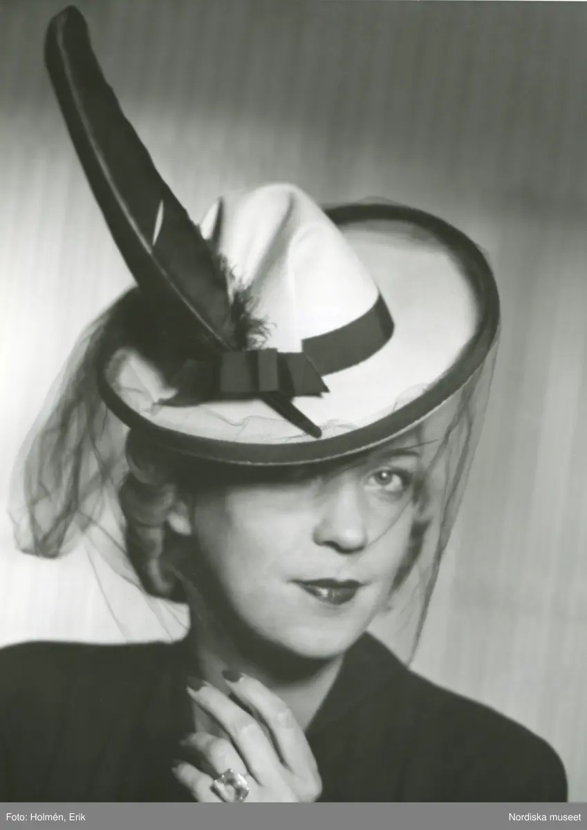 Porträtt av kvinna i ljus hatt med svart flor, band och fjäderpenna.
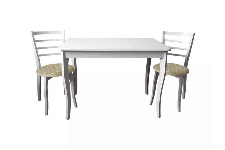 Обеденная группа СО-32/С-31 белый - стильный набор мебели, который создаст яркий и комфортный интерьер в столовой или гостиной комнате. Комплект выполнен в стиле модерн с использованием первоклассных материалов и фурнитуры. Набор состоит из обеденного раздвижного стола с гнутыми точеными ногами и двух стульев с мягкими сиденьями и решетчатыми спинками.
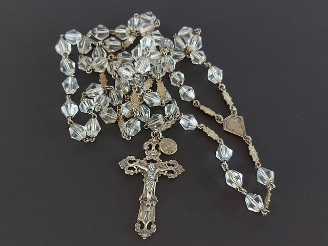 Beau chapelet en argent et cristal mesurant 25 pouces
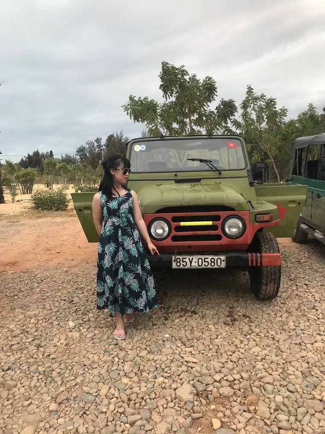 在美奈可以在网上提前预约车队,早上四点半是看日出,下午两点是看日落。所有的车子都是拉风的吉普。不用特意凹造型,吉普车的风能把任何头饰吹乱。
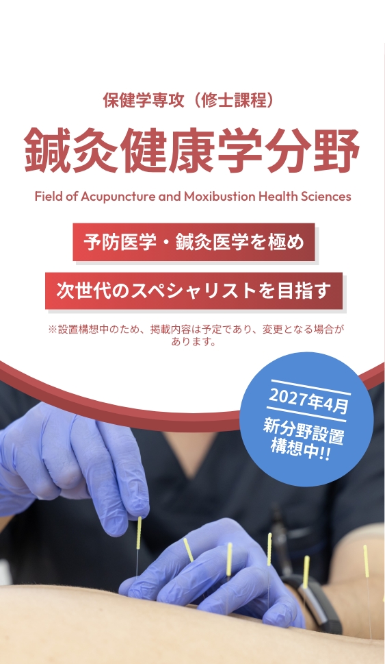 医療・健康分野における高度な知識と技術を持つ専門家を育成し、鍼灸治療を科学的に検証し、新たな知見を生み出す研究を行うことが目的です。鍼灸健康学分野では鍼灸刺激の作用機序の解明やアスリートのパフォーマンス向上・怪我予防への応用などに関して、基礎研究と臨床研究の両面からアプローチします。
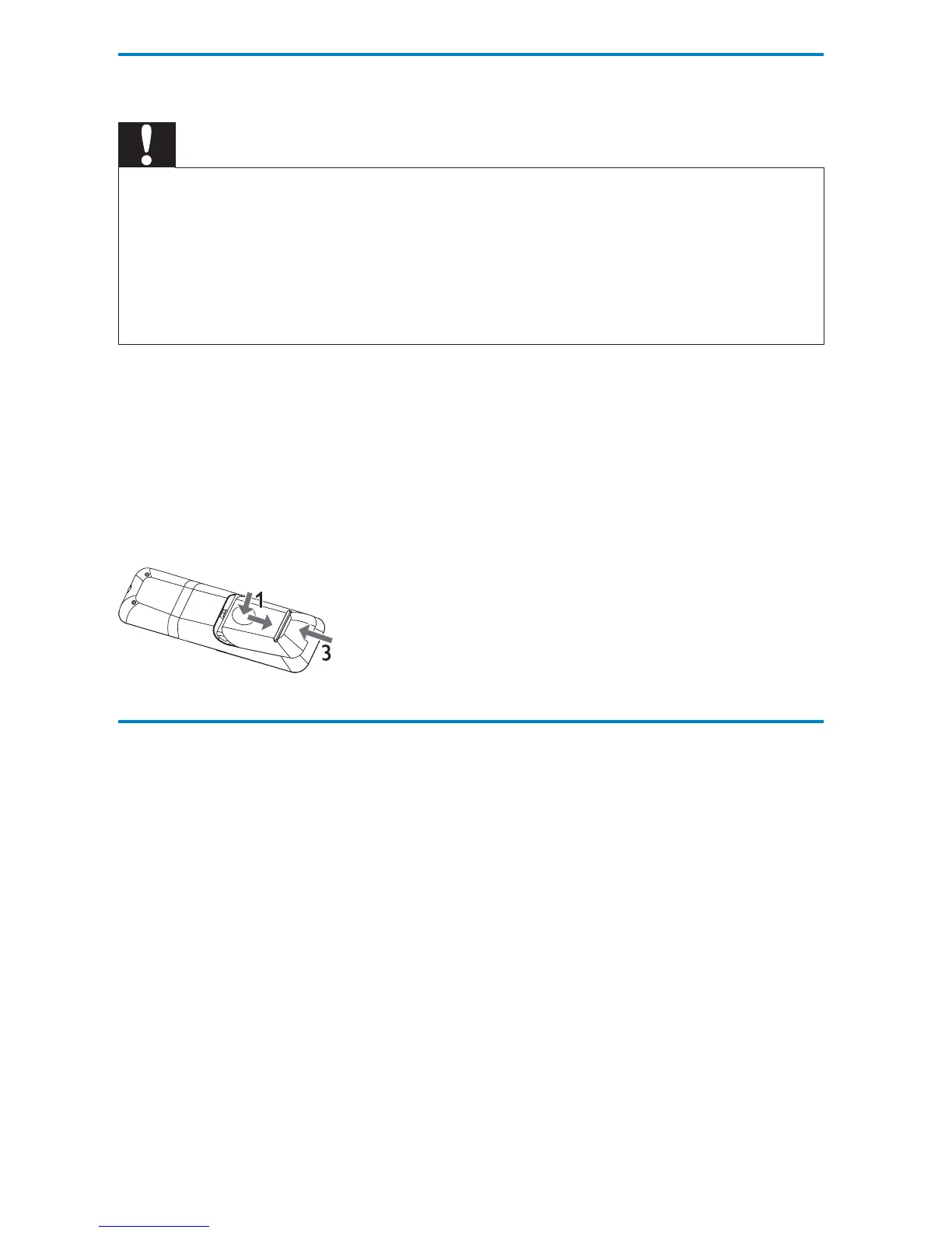 1 Press and push the battery compartment to slide it open (see “1” in
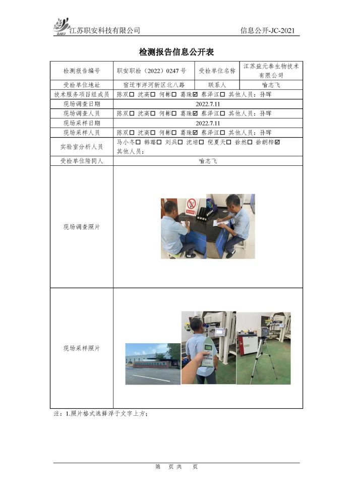 檢測報告公示

■ WHAT THE TASK ASKS
Down to the final line, restate the material above word for word, but omit its pictures.

■ RESPONSE AREA
 Porträtt av kvinna i ljus hatt med svart flor, band och fjäderpenna.
 Обеденная группа СО-32/С-31 белый - стильный набор мебели, который создаст яркий и комфортный интерьер в столовой или гостиной комнате. Комплект выполнен в стиле модерн с использованием первоклассных материалов и фурнитуры. Набор состоит из обеденного раздвижного стола с гнутыми точеными ногами и двух стульев с мягкими сиденьями и решетчатыми спинками.
 Beau chapelet en argent et cristal mesurant 25 pouces
 在美奈可以在网上提前预约车队,早上四点半是看日出,下午两点是看日落。所有的车子都是拉风的吉普。不用特意凹造型,吉普车的风能把任何头饰吹乱。
 医療・健康分野における高度な知識と技術を持つ専門家を育成し、鍼灸治療を科学的に検証し、新たな知見を生み出す研究を行うことが目的です。鍼灸健康学分野では鍼灸刺激の作用機序の解明やアスリートのパフォーマンス向上・怪我予防への応用などに関して、基礎研究と臨床研究の両面からアプローチします。
 1 Press and push the battery compartment to slide it open (see “1” in
 檢測報告公示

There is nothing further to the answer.